(Source information)

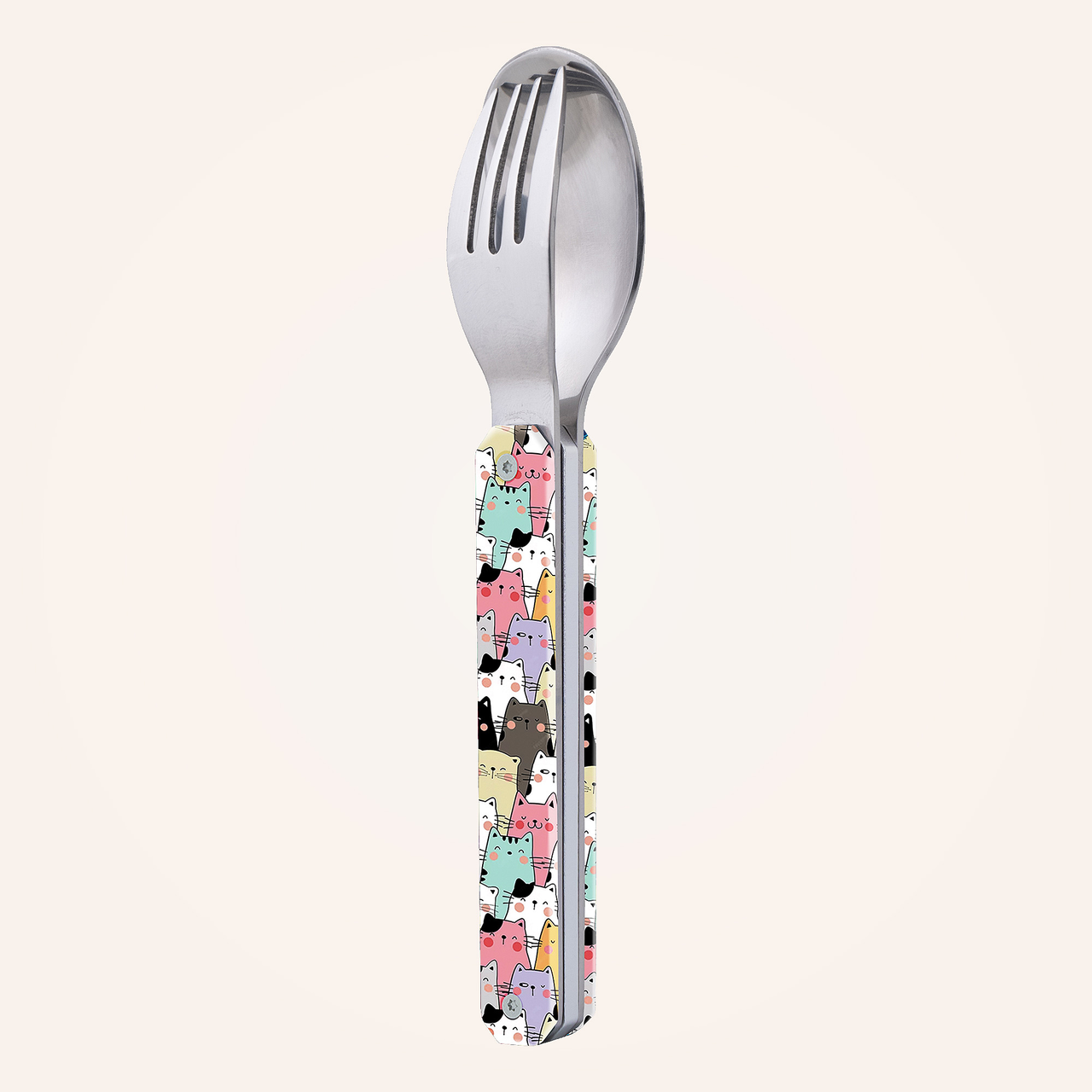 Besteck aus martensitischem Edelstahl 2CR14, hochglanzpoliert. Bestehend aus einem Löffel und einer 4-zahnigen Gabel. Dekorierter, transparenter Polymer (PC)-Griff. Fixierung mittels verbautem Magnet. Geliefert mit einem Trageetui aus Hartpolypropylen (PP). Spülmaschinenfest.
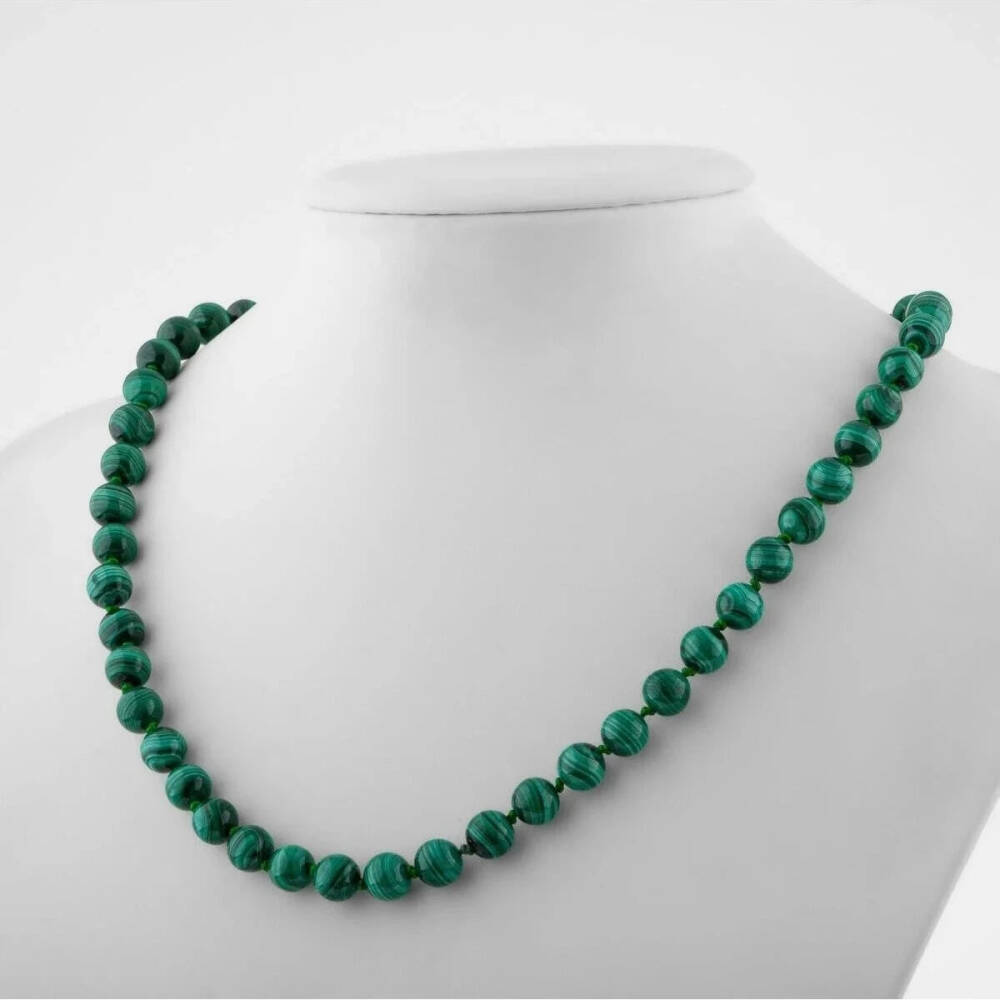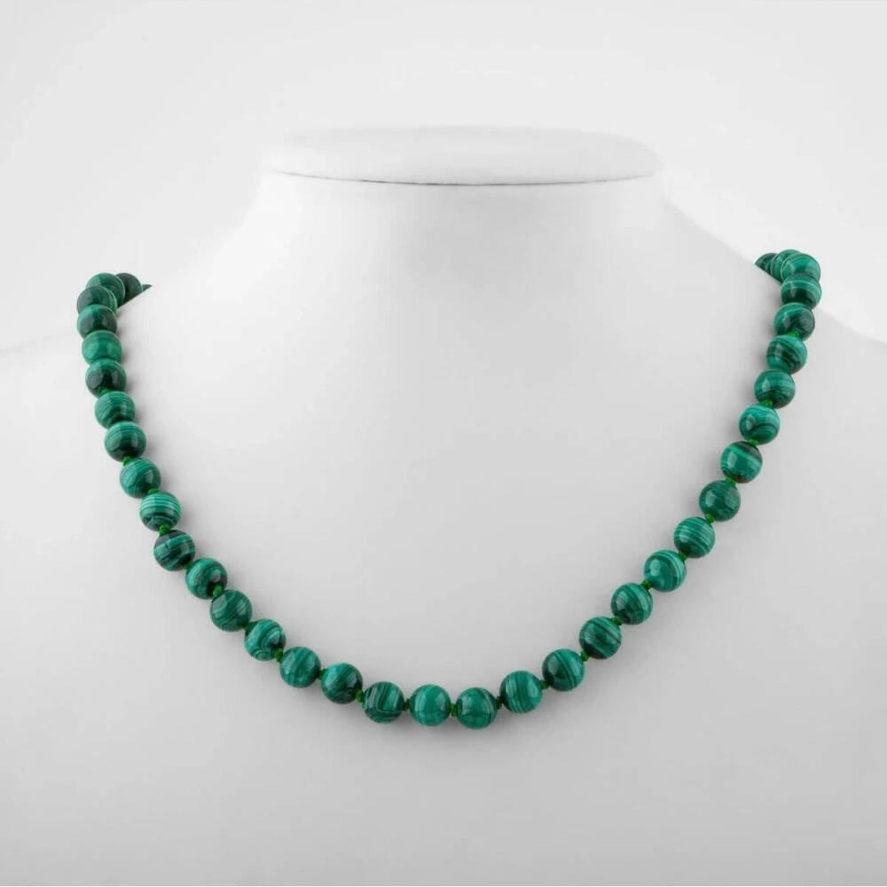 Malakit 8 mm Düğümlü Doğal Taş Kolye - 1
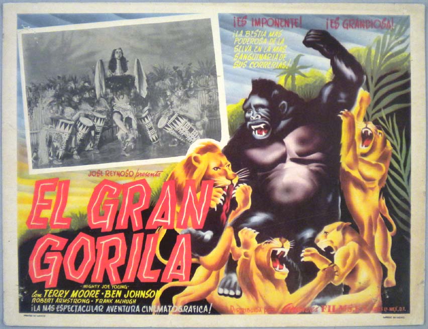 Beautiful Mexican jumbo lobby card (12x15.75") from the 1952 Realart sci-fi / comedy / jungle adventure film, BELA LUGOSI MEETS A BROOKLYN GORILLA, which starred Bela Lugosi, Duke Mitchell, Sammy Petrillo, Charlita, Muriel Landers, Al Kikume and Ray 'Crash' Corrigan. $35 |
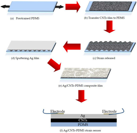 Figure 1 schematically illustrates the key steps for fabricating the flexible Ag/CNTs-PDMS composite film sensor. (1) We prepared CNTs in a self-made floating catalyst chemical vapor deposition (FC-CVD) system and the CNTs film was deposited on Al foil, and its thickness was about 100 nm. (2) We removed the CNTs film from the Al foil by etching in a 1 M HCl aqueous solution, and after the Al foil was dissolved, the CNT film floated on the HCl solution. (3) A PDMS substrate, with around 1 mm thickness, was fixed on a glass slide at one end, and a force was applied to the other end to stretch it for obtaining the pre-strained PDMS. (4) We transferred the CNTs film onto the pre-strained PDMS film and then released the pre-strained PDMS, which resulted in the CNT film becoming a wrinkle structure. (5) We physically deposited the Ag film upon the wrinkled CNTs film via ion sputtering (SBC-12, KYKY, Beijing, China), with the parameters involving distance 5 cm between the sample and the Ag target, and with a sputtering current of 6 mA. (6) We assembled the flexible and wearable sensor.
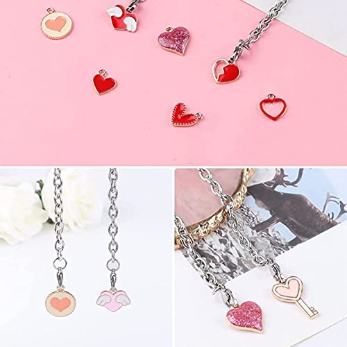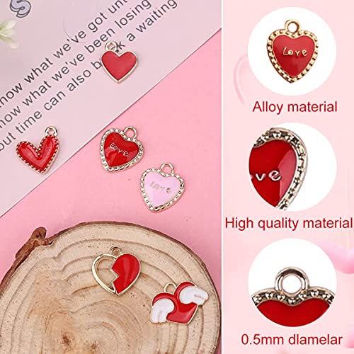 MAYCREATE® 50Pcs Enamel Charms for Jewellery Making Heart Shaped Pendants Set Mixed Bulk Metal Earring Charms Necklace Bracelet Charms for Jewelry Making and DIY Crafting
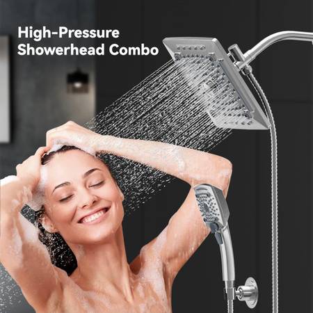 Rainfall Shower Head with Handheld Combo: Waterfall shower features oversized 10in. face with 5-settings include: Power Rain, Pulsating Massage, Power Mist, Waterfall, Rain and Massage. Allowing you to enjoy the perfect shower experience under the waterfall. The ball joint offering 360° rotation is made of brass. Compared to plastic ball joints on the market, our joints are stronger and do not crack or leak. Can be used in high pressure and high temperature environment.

(End Source information)

**Task item**
Exactly reproduce the run of lines from the start of the listing through the line with "Beautiful Mexican jumbo", inclusive; pictures are not copied.

**Finished exercise**
 Besteck aus martensitischem Edelstahl 2CR14, hochglanzpoliert. Bestehend aus einem Löffel und einer 4-zahnigen Gabel. Dekorierter, transparenter Polymer (PC)-Griff. Fixierung mittels verbautem Magnet. Geliefert mit einem Trageetui aus Hartpolypropylen (PP). Spülmaschinenfest.
 Malakit 8 mm Düğümlü Doğal Taş Kolye - 1
 Beautiful Mexican jumbo lobby card (12x15.75") from the 1952 Realart sci-fi / comedy / jungle adventure film, BELA LUGOSI MEETS A BROOKLYN GORILLA, which starred Bela Lugosi, Duke Mitchell, Sammy Petrillo, Charlita, Muriel Landers, Al Kikume and Ray 'Crash' Corrigan. $35 |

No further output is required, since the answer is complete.